[Moved]: CS Stage with current-source Load

[anhnha]

I am having a problem understanding CS stage with current-source load in Design of Analog CMOS Integrated Circuits by Razavi.
This is a sentence from the book:

"We should remark that the output bias voltage of the circuit in Fig. 3.1.4 is not well-defined."
Could you explain it in detail?

 

[SpiritMicro]

I try to make you understand
"We should remark that the output bias voltage of the circuit in Fig. 3.1.4 is not well-defined."
this means that the output of the node Vout can not be easily determined .for example
if the dc value of Vout is in the range of Vsatm1<Vout<Vdd-(|Vsatm2|).both the M1 and M2 in the saturation region
also since the gain of the CS is so large, that you alawys don't exactly know where Vout is unless using feedback

 

[arya.jagadeesh]

mosfet is voltage controlled current source...

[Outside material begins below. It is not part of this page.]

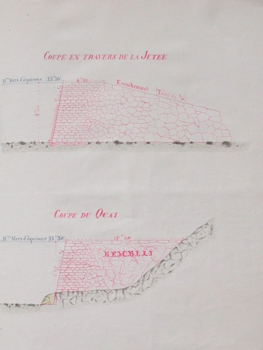 AD Côtes-d'Armor : S. Supl. 184. Plan en travers et en coupe du quai, 1887 (AD 22).
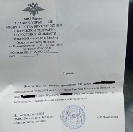 Чтобы решить проблему, кассир отправила его в паспортный стол на улице Коммунистической, 197 (Отдел по вопросам миграции ОМВД России по г. Батайску). Там нужно было взять справку о том, что паспорт все-таки действительный.

so situation here is like you have two current sources in series...if you write kcl...some of entering cuurents at particular node is equal to sum of leaving currents..will be true only if values of current sources in series are equal..suppose if lower current source is higher than upper one...you are taking more charges from lower current source and voltage will become negative...if upper current source is higher than lower one...you are putting more charges and voltage becomes high...

now coming to circuit ...at particular temperature and corner this circuit will work..but with varying temp and corner vt ,gm etc will change ultimately resulting in change in current..it happens that this change is not same in both current sources so..voltages at the output becomes either very high or negative...so we say voltages is not well defined..to control these kind of nodes(high impedance nodes) you need some feed back loop

 

[anhnha]

Thank you.
Sorry but I couldn't understand the answer.

 

[anhnha]

CS Stage with current-source Load: large signal analysis

Could anyone help me do the large signal analysis for the circuit below?
I want to hand plot Vout vs Vin.

 

[buffallo]

Hi,

you may also consider this circuit as a 'current comparator'.
Esentially, the Vout vs Vin plot will be really similar to that of an inverter, but the triggering voltage will be shifted (determined by the sizes of the devices and the bias voltage of M2).
Really, the output is High impedance and the exact voltage will be hard to be defined.

For the small analysis itself, I think it should be something like:
Vout = Vin*gm_m1 * gds_m2

Since gds tends to be big, the gain of the circuit will be big. This means that the output is very sensitive to
small variations of every parameter, making it somewhat not useful for manufacturing (without feedback).